Menu

Sunday, December 30, 2012

Is pairs trading dead?

Bad news everybody, according to my calculations, ( which I sincerely hope are incorrect) the classical pairs trading is dead. Some people would strongly disagree, but here is what I found:

Let's take a hypothetical strategy that works on a basket of etfs:
['SPY','XLY','XLE','XLF','XLI','XLB','XLK','IWM','QQQ','DIA']
From these etfs 90 unique pairs can be made. Each pair is constructed as a market-neutral spread.

Strategy rules:
On each day, for each pair, calculate z-score based on 25-day standard deviation.
If z-score > threshold, go short, close next day
If z-score < -threshold go long, close next day

To keep it all simple, the calculation is done without any capital management (one can have up to 90 pairs in portfolio on each day) . Transaction costs are not taken into account either.

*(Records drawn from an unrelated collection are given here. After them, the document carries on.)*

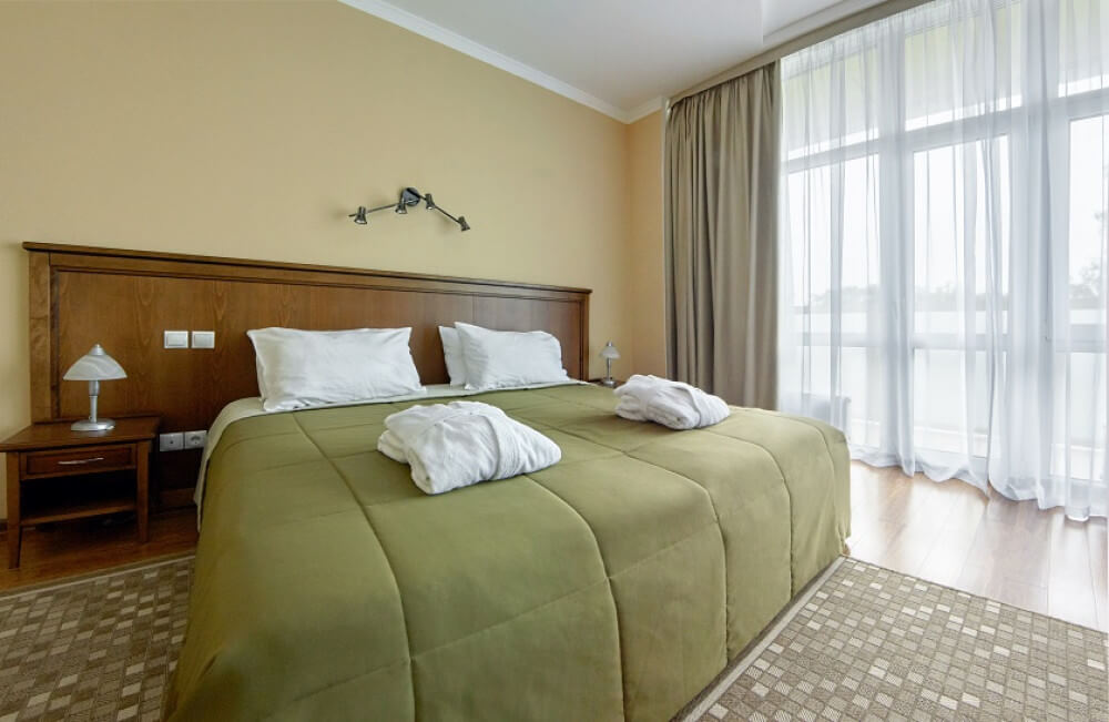Жилой комплекс санатория состоит из двух современных спальных корпусов, которые находятся на расстоянии 30 м друг от друга: 5-этажного корпуса №1 и 3-этажного корпуса №2. Одновременно в санатории могут отдохнуть и поправить свое здоровье больше 300 человек.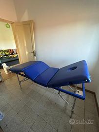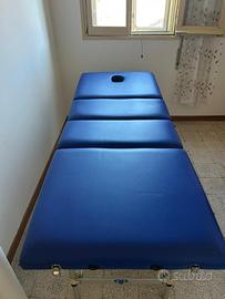 Lettino pieghevole e portatile, in ecopelle disinfettabile, blu elettrico, con maniglie di trasporto e piedini per lo stoccaggio. Prezzo trattabile.
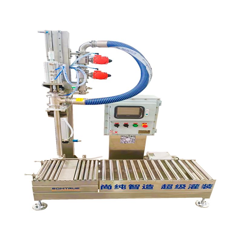 Kun tyhjä tynnyri on toimitettu paikalleen, alkaa suuren virtauksen täyttö. Kun täyttömäärä saavuttaa karkean täytön tavoitetilavuuden, suuri virtausnopeus suljetaan ja pienen virtauksen täyttö alkaa. Kun hienotäytön tavoitearvo on saavutettu, venttiilin runko suljetaan ajoissa. Se on yleisesti käytetty kemiallisten raaka-aineiden pakkauskone.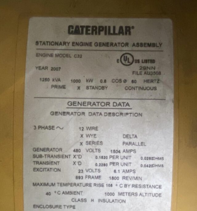 1000 kW Standby / 910 kW Prime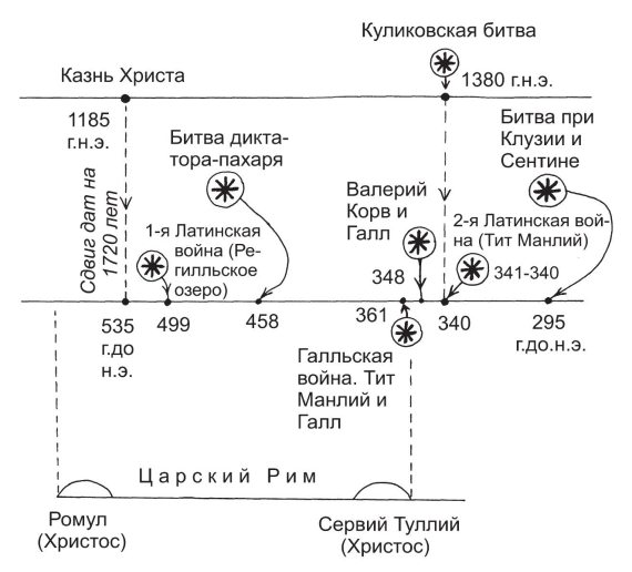 битвы решился в поединке юного военного трибуна Тита Манлия = Дмитрия Донского с великаном Галлом = ханом Мамаем [ЦРИМ], ГЛ. 4. См. рис. 42.Рис. 42. Четыре основных отражения Куликовской битвы 1380 года в «античной» римской истории [ЦРИМ], гл. 4

To put it simply,  this strategy tracks one-day mean reverting nature of market neutral spreads.
Here are the results simulated for several thresholds:


No matter what threshold is used, the strategy is highly profitable in 2008, pretty good throuh 2009 and completely worthless from early 2010.
This is not the first time I came across this change in mean-reverting behavior in etfs. No matter what I've tried, I had no luck in finding a pairs trading strategy that would work on ETFs past 2010. My conclusion is that these types of simple stat-arb models just don't cut it any more.

Pca - how it really works

I suppose that my previous post did not provide insights on how PCA really works. Here is another try at the subject, using a simple pair as an example.
Let's take SPY and IWM, which are highly correlated. If daily returns of IWM are plotted against daily returns of SPY, the relationship is highly linear (see left chart).
Applying PCA on this data gives two principal component vectors, plotted in red (first) and green (second). These two vectors are orhogonal, with the first one pointing in the direction of highest variance. Transformed data is nothing more than the original data projected on the new coordinate axis formed by these two vectors. The transformed data is shown in the right chart. As you can clearly see, all  points are still there, but the dataset is rotated.
The second vector is in this case -0.78 SPY + 0.62 IWM which produces a market-neutral spread.  Of course the same result would be achieved by using the beta of IWM.
The fun thing about PCA is that it is useful in building three- and more legged spreads. The procedure is exactly the same as above, but the transformation is done in a higer dimensional space. 

Monday, December 3, 2012

Using PCA for spread trading

Classical pairs trading usually involves building a pair consisting of two legs, which ideally should be market-neutral or in other words, pair returns should have zero correlation with market returns. The process of building a 'good' pair is pretty standard. A typical way of building a pair (spread) involve choosing two correlated securities and forming a market-neutral pair using stock betas.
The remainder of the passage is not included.